Book Reviews

Three offerings from Luath Press on post-referendum Scotland – will their contributions allow Scottish citizens the freedom to autonomously call for a vote during the next epoch?

A Constitution for the Common Good: Strengthening Scottish Democracy after 2014 by W. Elliot Bulmer (9781910021095, £9.99)

Nearly every democracy in the world is built upon a written constitution, and constitutions have been at the core of citizens’ demands for better governance in places as disparate as Kenya, Tunisia and Ukraine. With the SNP promising a written constitution in the event of a ‘yes’ vote and other parties suggesting other possible options for constitutional change in the event of a ‘no’ vote, constitutional change looks certain to remain central to the political agenda in Scotland for some time to come.
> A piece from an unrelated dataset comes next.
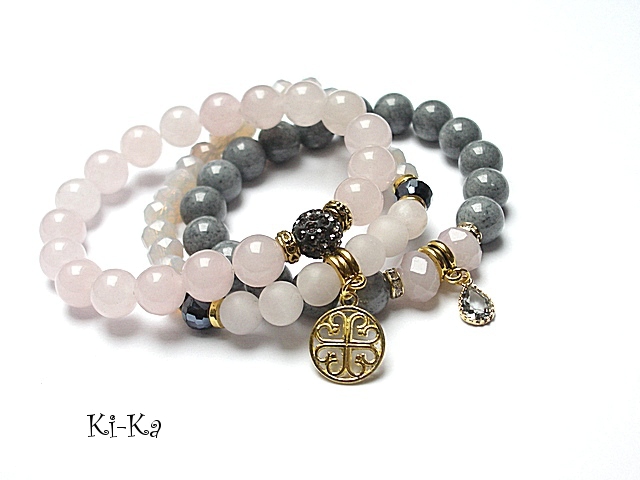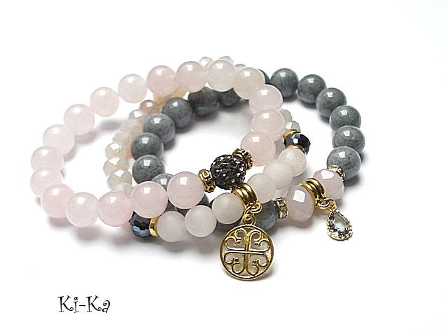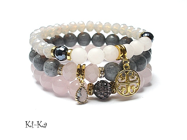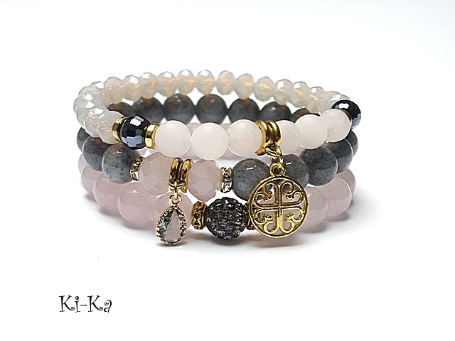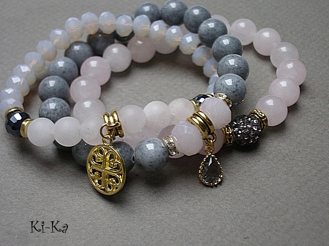 PROJEKT AUTORSKI. WŁASNOŚĆ KI-KA. KOPIOWANIE ZABRONIONE. Komplet trzech bransoletek wykonanych z naturalnych kamieni: jadeity,kwarc różowy [8mm] kryształków fasetowanych [10mm i 8mm] przekładki shamballa wysadzanej kryształkami Swarovskiego [10mm] przywieszki w okuciu [mosiądz platerowany złotem] oraz elementów metalowych w kolorze złota. Bransoletki pasują na nadgarstek 16-17cm.Biżuteria ozdobnie zapakowana
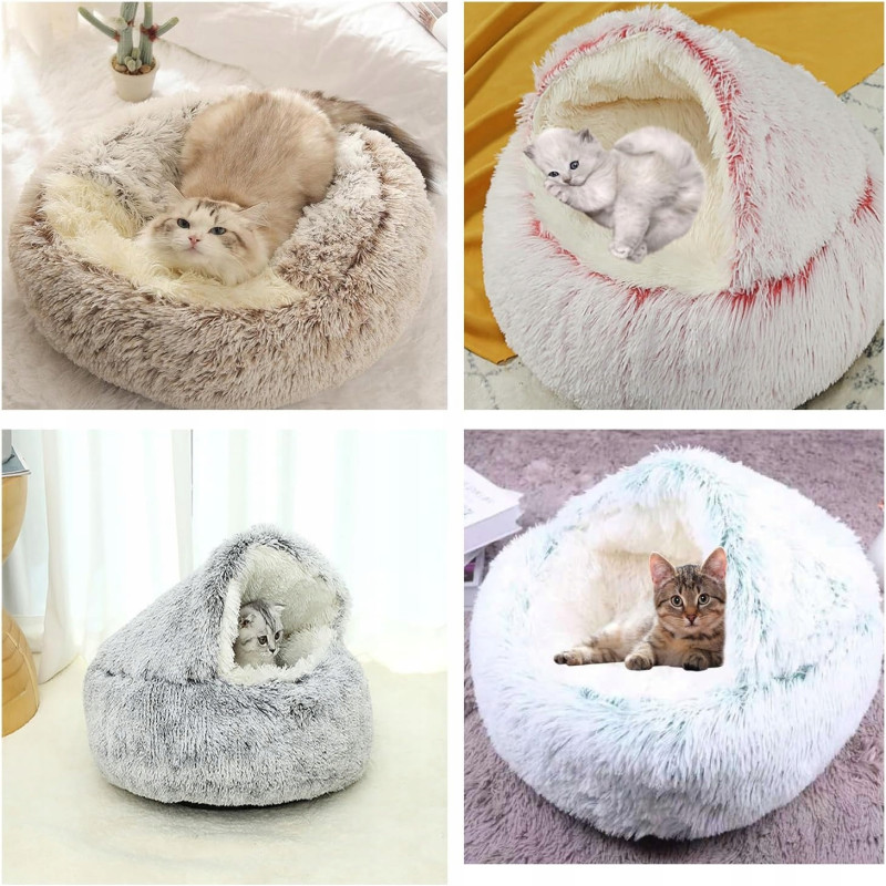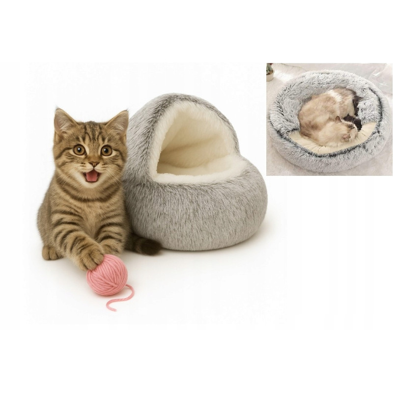 Luksusowe Legowisko Śpiwór Dla Kota Psa Miękki Plusz Okrągłe Ciepłe Czarne

But what is a constitution for? Is it a defensive charter to protect the basic structures of democratic government, or is it a transformative covenant for a better society? How can the constitution sustain democracy and promote ethical politics while at the same time recognising and accommodating differences in society? What difference would a good constitution make to the poor? How can it help ensure that the common good of the citizenry prevails over private vested interests? In addressing these questions, this book sets out a vision for how Scotland could reconstitute itself. It emphasises the connection between the constitution, democracy and the common good, arguing that democratic self-government is the true prize, regardless of the relationship of Scotland to the rest of the UK. This book not only makes a vital contribution to Scotland’s current and on-going constitutional debate, whatever the outcome in September 2014, but also engages with fundamental questions of constitutionalism and democracy that are of enduring relevance to both citizens and scholars around the world.
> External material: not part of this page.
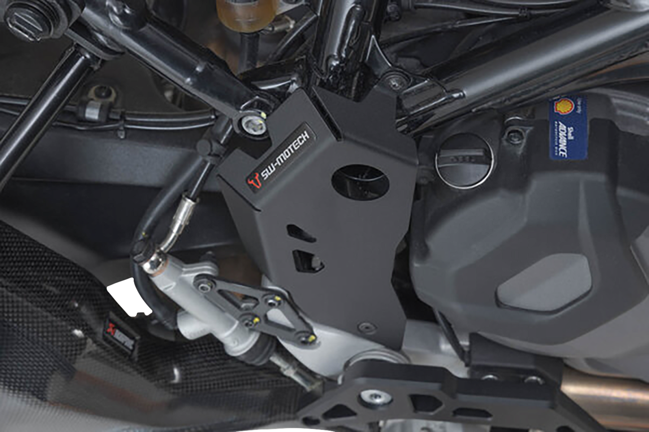 - Stops motorcycle boot from touching the hot exhaust, chain, or swing arm movements

Rethinking Our Politics: The political and constitutional future of Scotland and the UK by Henry McLeish (9781906817831, £11.99)
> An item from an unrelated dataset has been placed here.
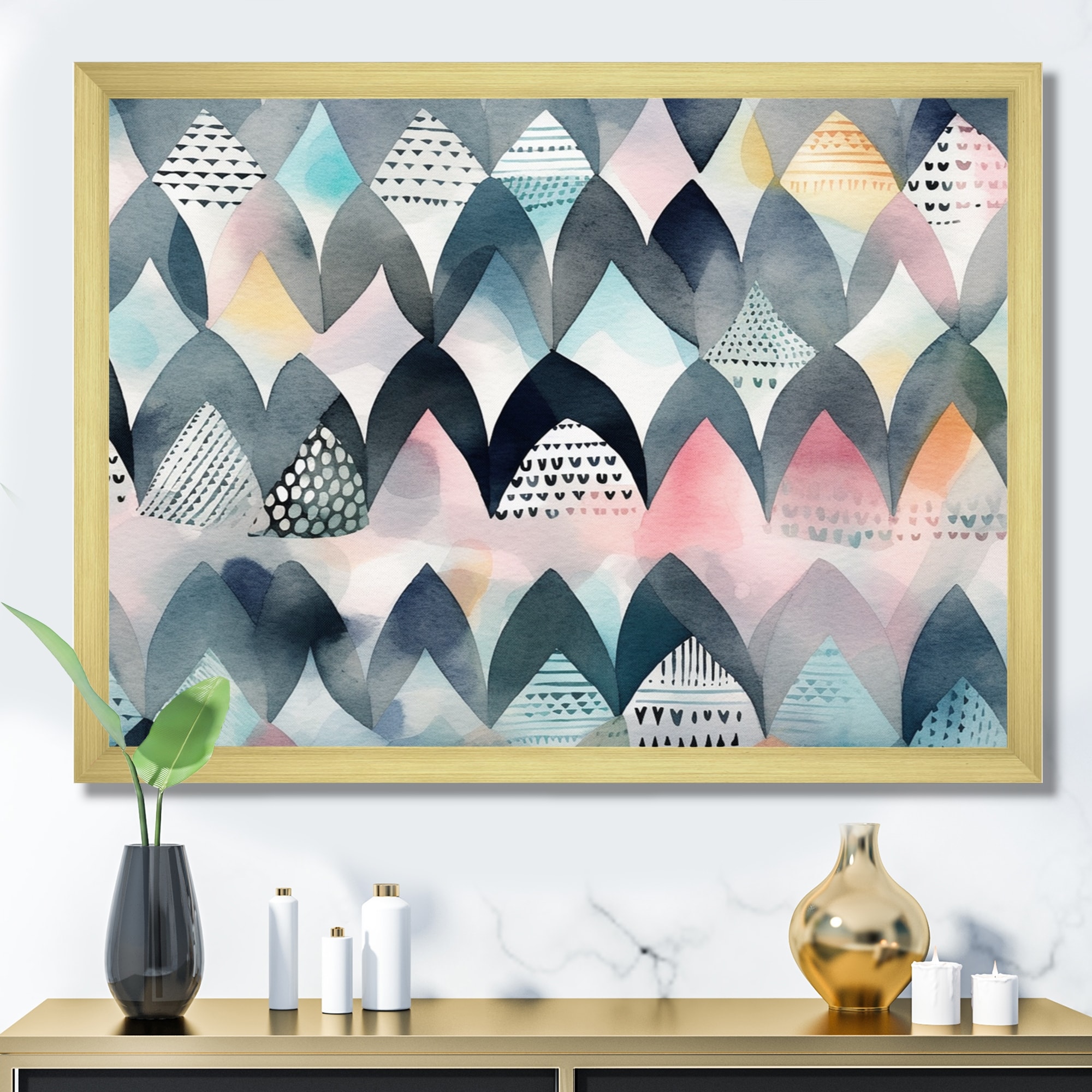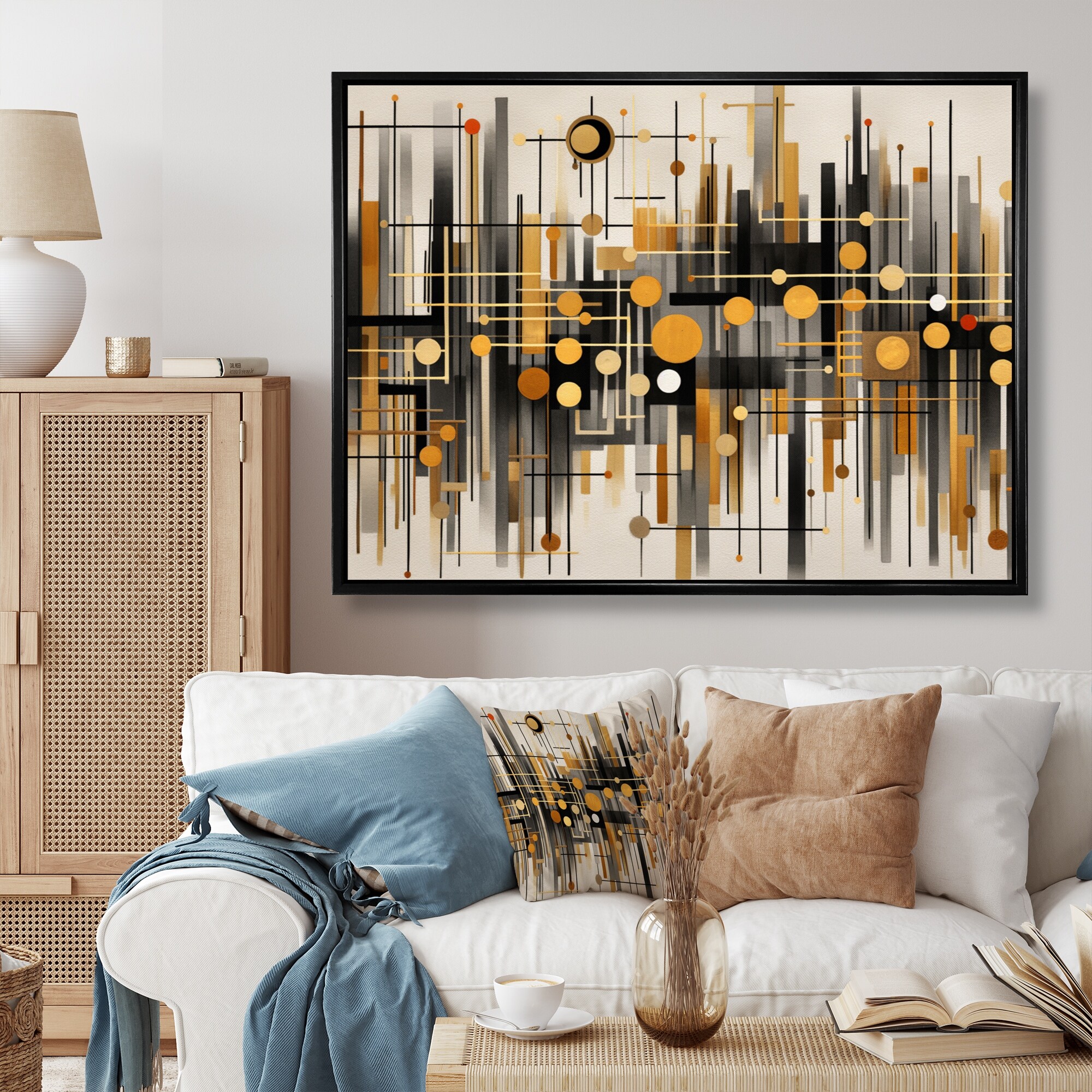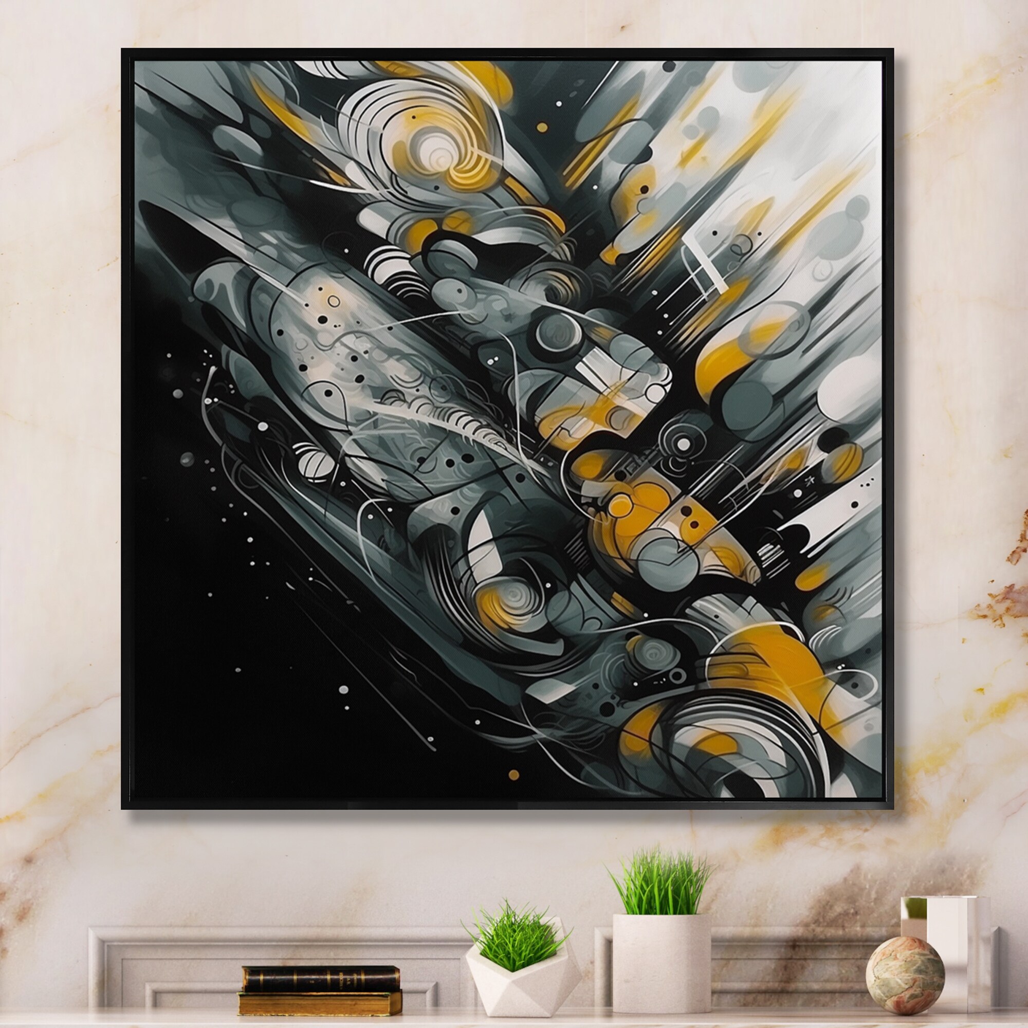 Designart "Grey And Yellow Infinite Geometry Ii" Modern Geometric Framed Canvas Art Print

Over the past year it has become clear that regardless of their stance on the referendum debate, the Scottish people are united on one front, the yearning for change for the betterment of their nation, their institutions and their politics. For McLeish, the referendum debate is merely the beginning. It is a symptom of the need for a more fundamental shift in the way we engage with politics in the UK and Scotland today. McLeish is well placed to diagnose the crisis at the heart of Scotland and UK politics. He looks critically at the conditions which have created an increasingly divided and alienated public and forged Scotland’s yearning for radical change. He rails against the stagnation of the union and makes a rousing and persuasive case for a complete overhaul of our political thinking, demanding that instead of making decisions on the basis of fear and insecurity, we rediscover the founding moral purpose of government.

A Modest Proposal for the Agreement of the People: Call for a Constitution by Angus Reid and Mary Davis (9781910021057, £9.99)

Reid and Davis take the view that any people anywhere who are governed without a constitution agreed by the people are governed by power without right. They share Tom Paine’s clarity that no government has ‘power by right’, without a contract with the people.

In A Modest Proposal, they propose the first step: laying out terms by which governments can be bound to act ethically and equitably in the interest of those they represent. The position they hold is that a constitution has to come from outside government if it is to reflect the principle of ‘the people’s sovereignty’. The project has been made in public and as a campaign to influence the Scottish government.  A Modest Proposal seeks to go beyond the constitutional impasse and instead looks back throughout our history. Its title contains the essence of what we are striving for: an agreement of the people such as was negotiated in the I7th century.

Secondly, the title captures the flavour of the pamphlet war in both the I7th and late I8th centuries, a tone that Jonathan Swift borrowed for his own purposes and did so without sharing the optimism that we have for a settlement that can embody genuine social change. Thirdly, it uses the words ‘a modest proposal’ because that is how the Levellers’ termed their own intervention in the constitutional debate. The purpose of the book is to make parliaments concede powers to people and to get on with the necessary democratization of our society – to empower people and to take a step away from top-down authoritar¬ianism. This characteristic of the present status quo would be just as true of an independent Scotland as currently foreseen. The future of Scotland and the UK is too big an issue to leave in the hands of parliamentarians: like all progressive change, it is going to take people power to make a just, ethical and equitable settlement.

This has rarely been done in our long history, although it was attempted during the English Revolution. On other occasions, the repressive apparatus of the state was simply too strong to permit any progressive breakthrough of people power and in any case, the people were often not sufficiently united to present a powerful enough alternative to the ruling status quo. This requires class unity, and a corresponding ability to transcend racism and sexism. To seek ‘the Agreement of the People’ will once again begin the debate about what we mean by unity, and will put flesh on the bones of what has for too long been a mere slogan. What kind of country do we want to live in? What kind of society is it that we all aspire to? Unity cannot be achieved unless we know not just what we are against, but also what we are for. An ethical and equitable society cannot be achieved with debating what the words mean.